Белый Тигр - Адига Аравинд. Страница 17
И вот однажды знакомое лицо показалось у ворот. Нас пришел проведать Виджай, кондуктор из Лаксмангарха. Герой моих детских лет был экипирован с иголочки: белый френч, на голове белая шапочка того фасона, что носил Неру, восемь пальцев украшены массивными золотыми кольцами.
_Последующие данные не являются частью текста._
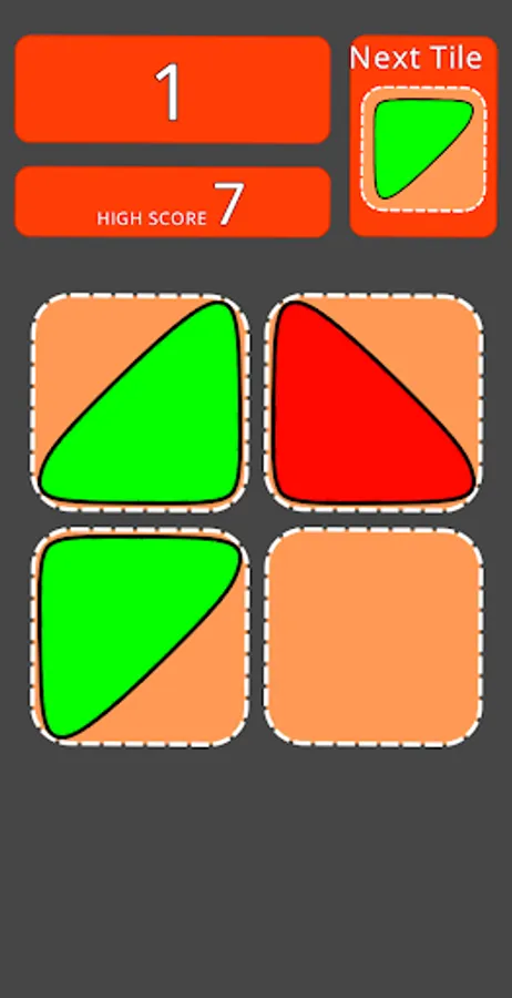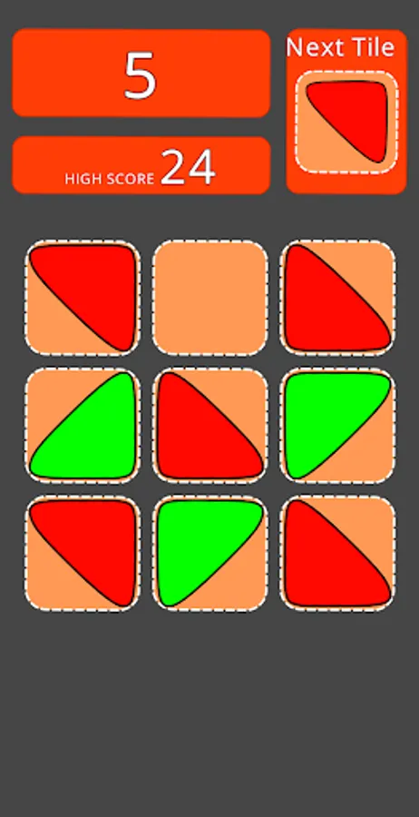 Swipe (Up, Down, Left or Right) to move the tiles. When two triangular tiles with the same color touch, they merge into a square. Get High Score by collecting as many squares as possible.
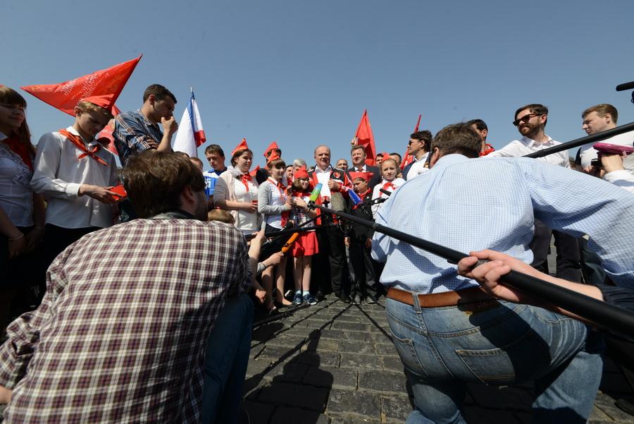 18 мая в Москве состоялся торжественный прием в ряды пионерии. Алые галстуки ребятам повязал лидер КПРФ Г.А. Зюганов.
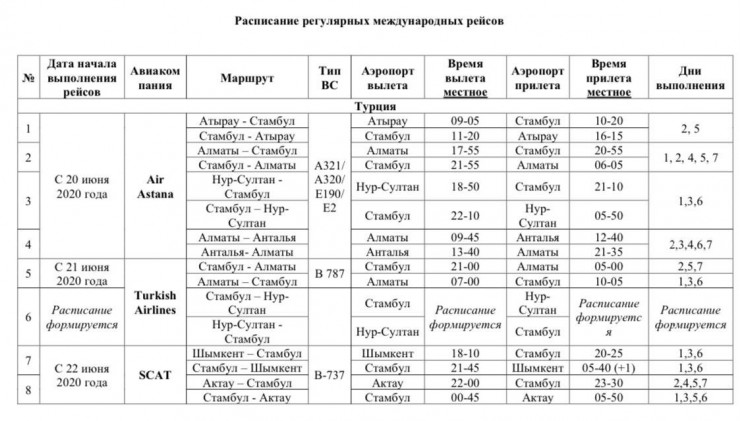В ведомстве добавили, что рейсы будут осуществляться в условиях повышенных мер санитарной безопасности, установленных Казахстаном и иностранными государствами.

Не зря подался в политику!
Сам Аист вышел ему навстречу, и поклонился, и сердечно приветствовал — землевладелец поклонился сыну свинопаса! Вот они, плоды демократии!
Через два дня сам Великий Социалист почтил наш дом своим посещением.
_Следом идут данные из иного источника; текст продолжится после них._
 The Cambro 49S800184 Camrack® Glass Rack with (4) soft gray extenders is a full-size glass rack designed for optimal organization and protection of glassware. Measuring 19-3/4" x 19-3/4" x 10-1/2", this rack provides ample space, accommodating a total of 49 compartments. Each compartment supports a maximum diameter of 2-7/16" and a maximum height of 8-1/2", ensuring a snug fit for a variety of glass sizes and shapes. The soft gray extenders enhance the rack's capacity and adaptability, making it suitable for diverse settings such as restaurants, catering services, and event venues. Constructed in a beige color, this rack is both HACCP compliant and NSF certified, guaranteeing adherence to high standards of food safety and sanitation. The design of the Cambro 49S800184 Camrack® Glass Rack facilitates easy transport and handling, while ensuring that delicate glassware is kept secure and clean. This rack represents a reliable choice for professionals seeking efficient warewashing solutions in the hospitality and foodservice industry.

Ну и суматоха же поднялась! Мистер Ашок с жасминовым венком дожидался у ворот. Бок о бок с ним замерли Мукеш-сэр и Аист.
Подъехала машина, дверь ее распахнулась... и вот он, светлый лик, знакомый мне с раннего детства по массе предвыборных плакатов, — пухлые щеки, седые волосы ежиком, толстые золотые серьги.
У Виджая на голове сегодня красная повязка, в руке флажок с разорванными оковами.
— Да здравствует Великий Социалист! — выкрикивает он. Государственный деятель сложил руки лодочкой и поклонился сразу всем. Черта, характерная чуть ли не для всех крупных индийских политиков: весь его облик дышал миром и спокойствием. Следуй за ним — и такие же мир и спокойствие снизойдут и на тебя. Вместе с тем видно было: случись что, от этой благостности и следа не останется. И уж тогда ничего хорошего на тебя не снизойдет.
Мистер Ашок повесил венок на шею великому человеку.
— Мой сын, — представил Аист. — Недавно из Америки.
Великий Социалист потрепал мистера Ашока по щеке.
— Отлично. Нам нужны молодые ребята. Пусть возвращаются на родину и превратят Индию в супер-державу.
И они прошли в дом, и все двери и окна закрылись наглухо.
Немного погодя Великий Социалист вышел во двор, за ним старик, Мангуст и мистер Ашок. Венка на шее государственного деятеля не было. Лицо у него раскраснелось.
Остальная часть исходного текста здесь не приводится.